WORK INSTRUCTION: Please tally the lines in the records that include the word "Sulmona" and answer with the bare number.

== DATA UNDER STUDY

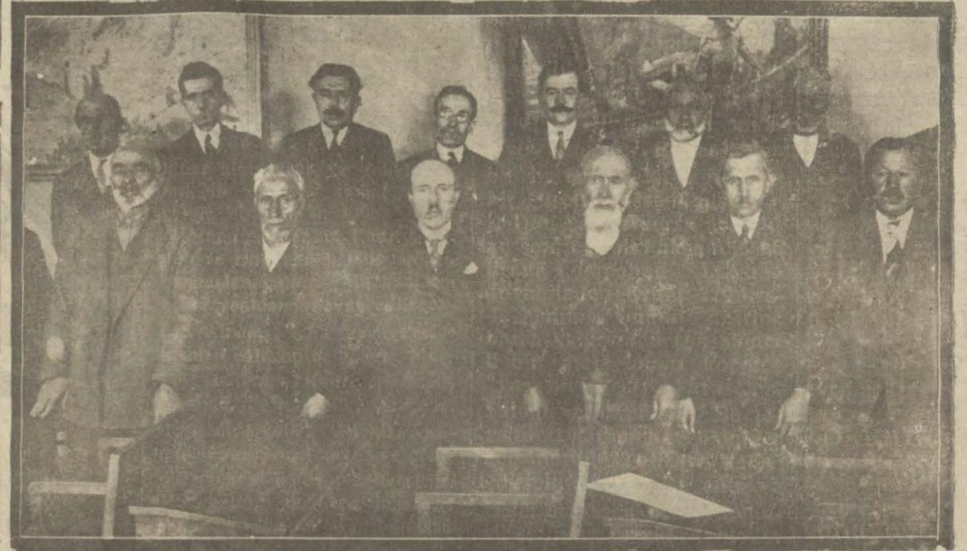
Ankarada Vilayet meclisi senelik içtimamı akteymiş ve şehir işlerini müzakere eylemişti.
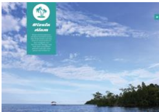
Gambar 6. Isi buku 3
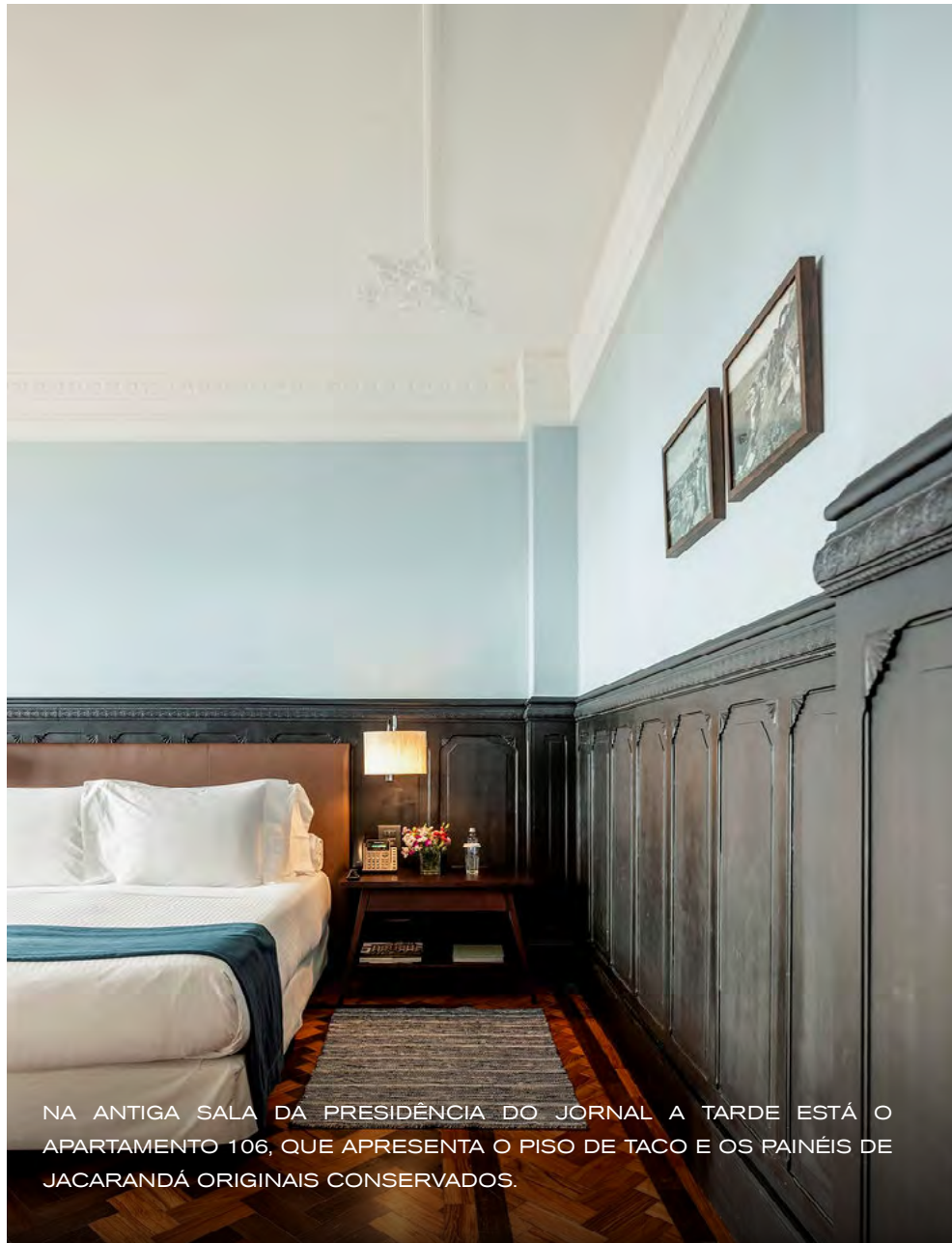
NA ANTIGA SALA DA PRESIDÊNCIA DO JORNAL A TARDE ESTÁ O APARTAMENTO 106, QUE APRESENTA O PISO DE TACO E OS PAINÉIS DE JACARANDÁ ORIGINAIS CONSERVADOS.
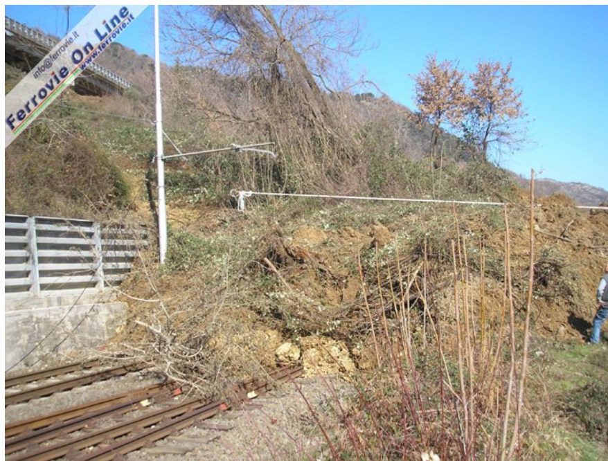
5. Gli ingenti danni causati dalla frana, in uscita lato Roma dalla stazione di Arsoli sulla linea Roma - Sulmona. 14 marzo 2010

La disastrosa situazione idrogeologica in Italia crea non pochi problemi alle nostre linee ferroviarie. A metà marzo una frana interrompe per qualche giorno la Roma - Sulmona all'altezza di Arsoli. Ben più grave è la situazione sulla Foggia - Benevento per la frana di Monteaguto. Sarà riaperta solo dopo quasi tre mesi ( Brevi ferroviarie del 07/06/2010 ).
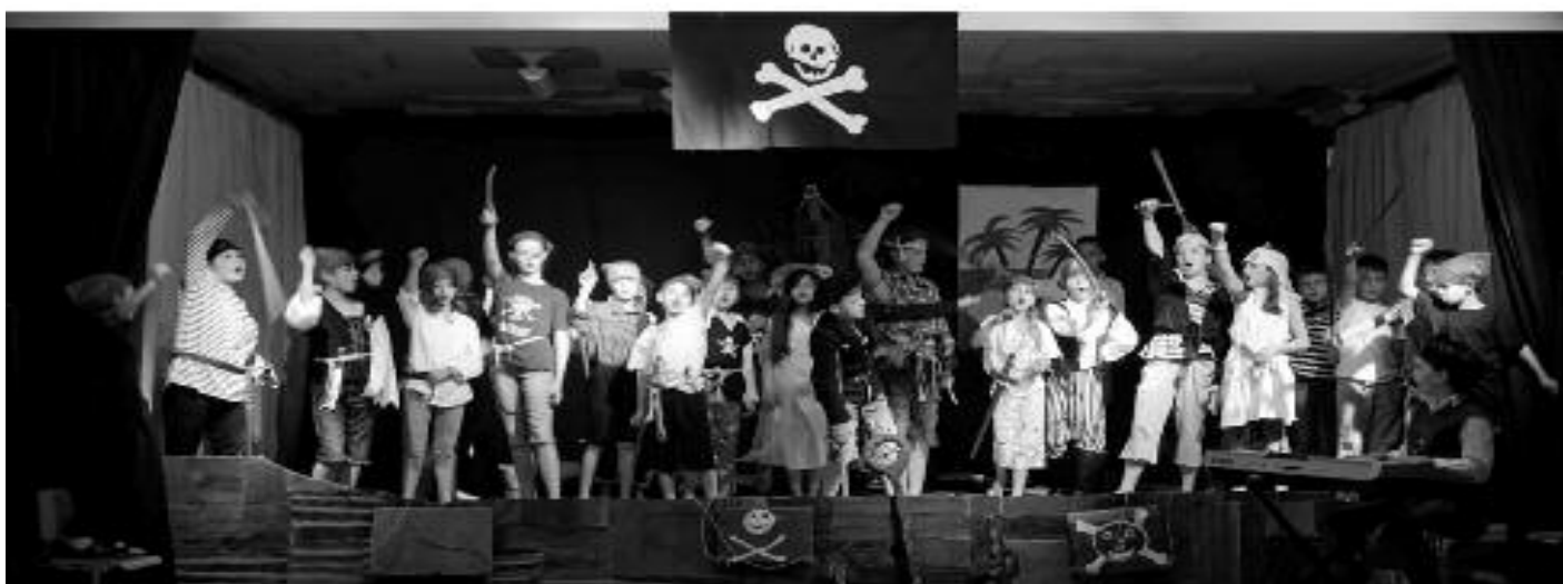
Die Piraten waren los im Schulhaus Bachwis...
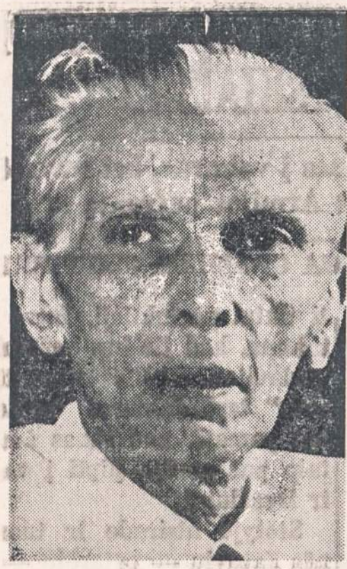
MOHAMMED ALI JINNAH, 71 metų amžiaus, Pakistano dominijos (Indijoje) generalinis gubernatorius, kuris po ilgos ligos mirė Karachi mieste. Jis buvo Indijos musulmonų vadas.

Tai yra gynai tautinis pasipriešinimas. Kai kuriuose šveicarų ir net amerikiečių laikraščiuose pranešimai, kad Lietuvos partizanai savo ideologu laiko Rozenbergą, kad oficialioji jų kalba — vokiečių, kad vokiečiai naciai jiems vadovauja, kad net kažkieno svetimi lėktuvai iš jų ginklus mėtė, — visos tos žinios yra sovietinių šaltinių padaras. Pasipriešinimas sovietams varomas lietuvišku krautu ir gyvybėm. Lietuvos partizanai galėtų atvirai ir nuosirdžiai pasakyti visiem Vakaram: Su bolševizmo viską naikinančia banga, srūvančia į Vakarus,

====
== DATA UNDER STUDY

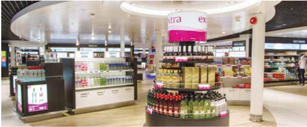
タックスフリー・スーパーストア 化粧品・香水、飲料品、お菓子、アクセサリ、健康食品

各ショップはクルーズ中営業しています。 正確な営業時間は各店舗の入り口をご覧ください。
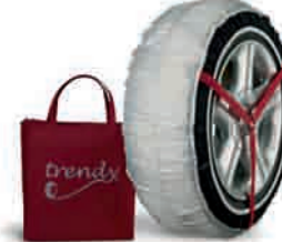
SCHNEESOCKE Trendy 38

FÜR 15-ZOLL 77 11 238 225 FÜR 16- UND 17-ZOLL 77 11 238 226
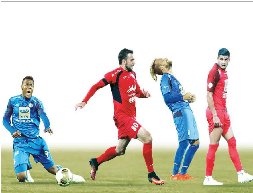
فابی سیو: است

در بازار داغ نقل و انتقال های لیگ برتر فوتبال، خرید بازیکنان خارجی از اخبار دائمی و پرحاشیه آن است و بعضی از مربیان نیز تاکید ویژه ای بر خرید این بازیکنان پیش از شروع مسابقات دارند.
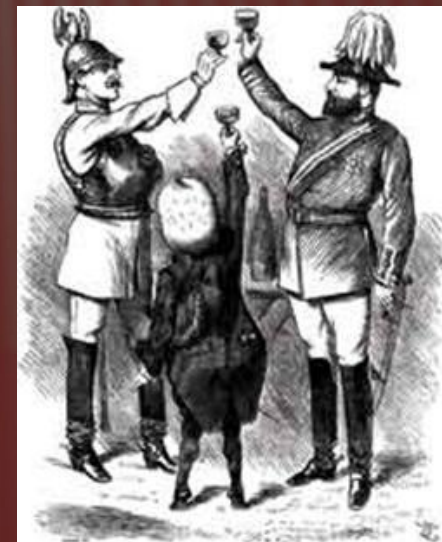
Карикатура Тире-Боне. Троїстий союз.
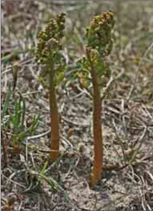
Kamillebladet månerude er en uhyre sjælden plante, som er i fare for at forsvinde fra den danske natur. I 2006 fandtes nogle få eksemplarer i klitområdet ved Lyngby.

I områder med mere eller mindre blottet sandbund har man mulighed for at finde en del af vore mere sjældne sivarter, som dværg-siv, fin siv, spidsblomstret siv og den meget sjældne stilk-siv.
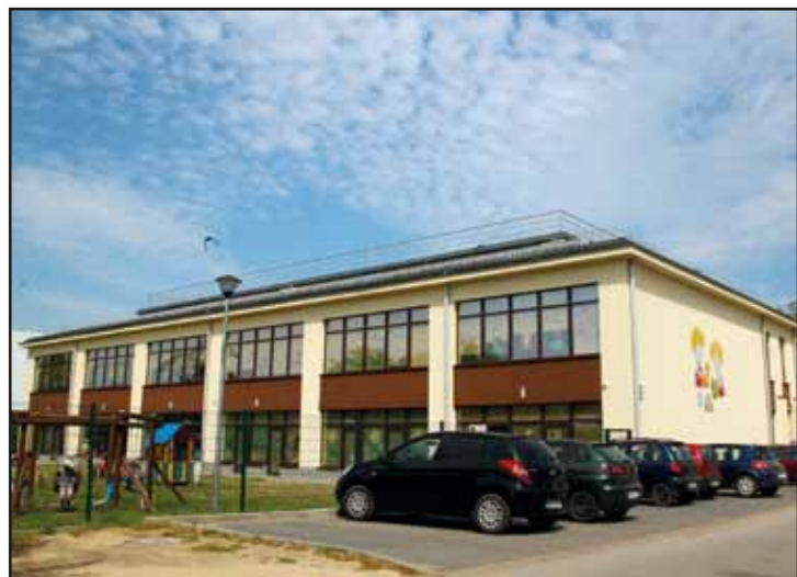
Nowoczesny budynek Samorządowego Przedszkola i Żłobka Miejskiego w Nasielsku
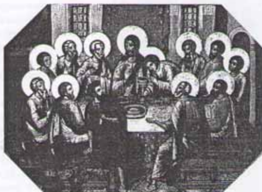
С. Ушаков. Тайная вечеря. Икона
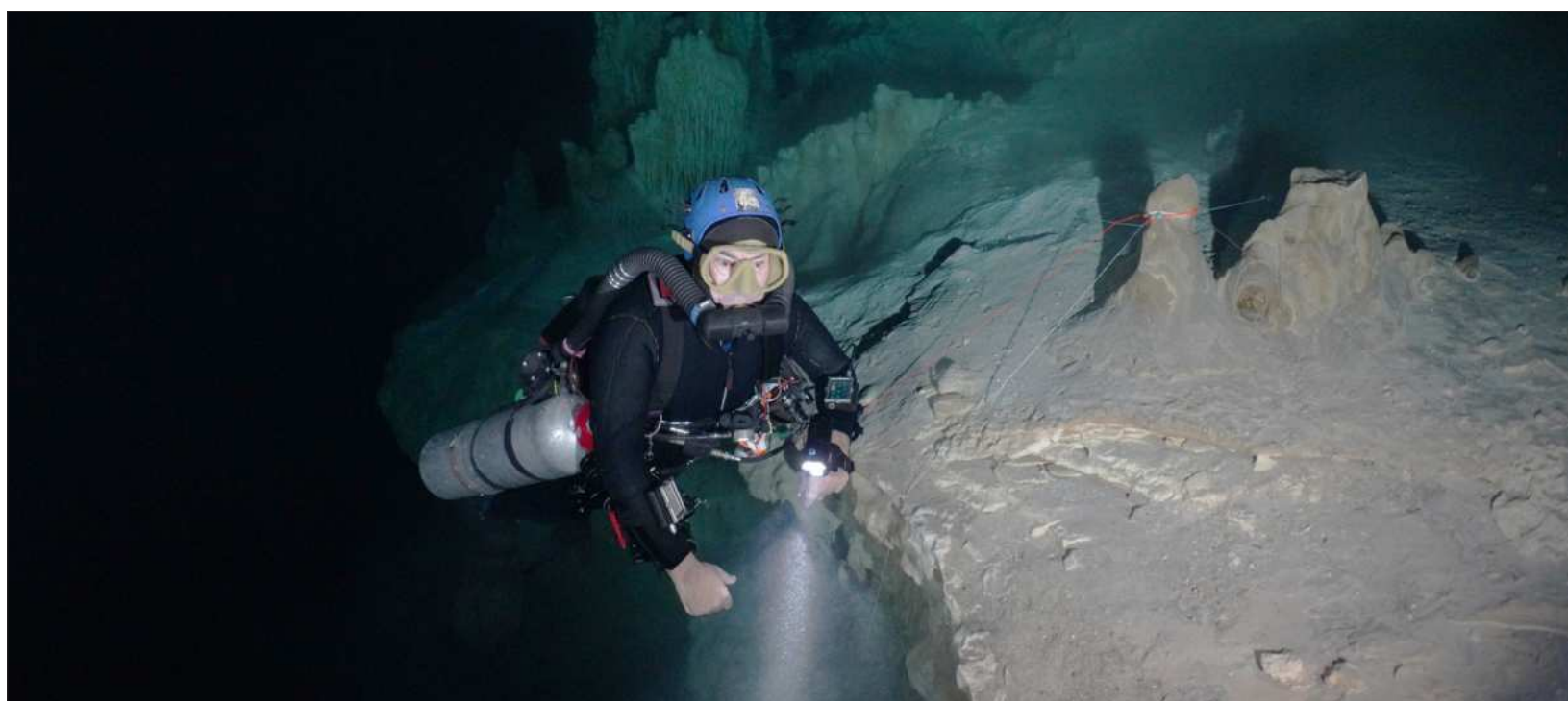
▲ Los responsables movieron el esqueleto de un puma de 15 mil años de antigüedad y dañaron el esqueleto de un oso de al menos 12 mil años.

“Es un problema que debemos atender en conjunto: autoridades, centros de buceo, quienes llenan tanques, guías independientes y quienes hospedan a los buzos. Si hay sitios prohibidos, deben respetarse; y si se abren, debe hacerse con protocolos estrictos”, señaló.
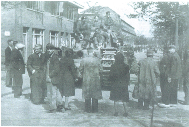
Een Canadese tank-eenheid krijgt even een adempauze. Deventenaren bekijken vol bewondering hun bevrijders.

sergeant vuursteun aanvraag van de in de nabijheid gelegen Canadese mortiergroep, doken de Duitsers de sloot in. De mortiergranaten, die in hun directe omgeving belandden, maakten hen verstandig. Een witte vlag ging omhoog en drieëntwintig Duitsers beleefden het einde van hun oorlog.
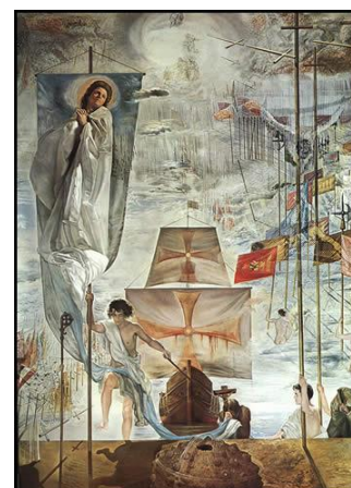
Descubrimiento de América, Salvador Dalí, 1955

====

RESPONSE FOR THIS EXERCISE: 2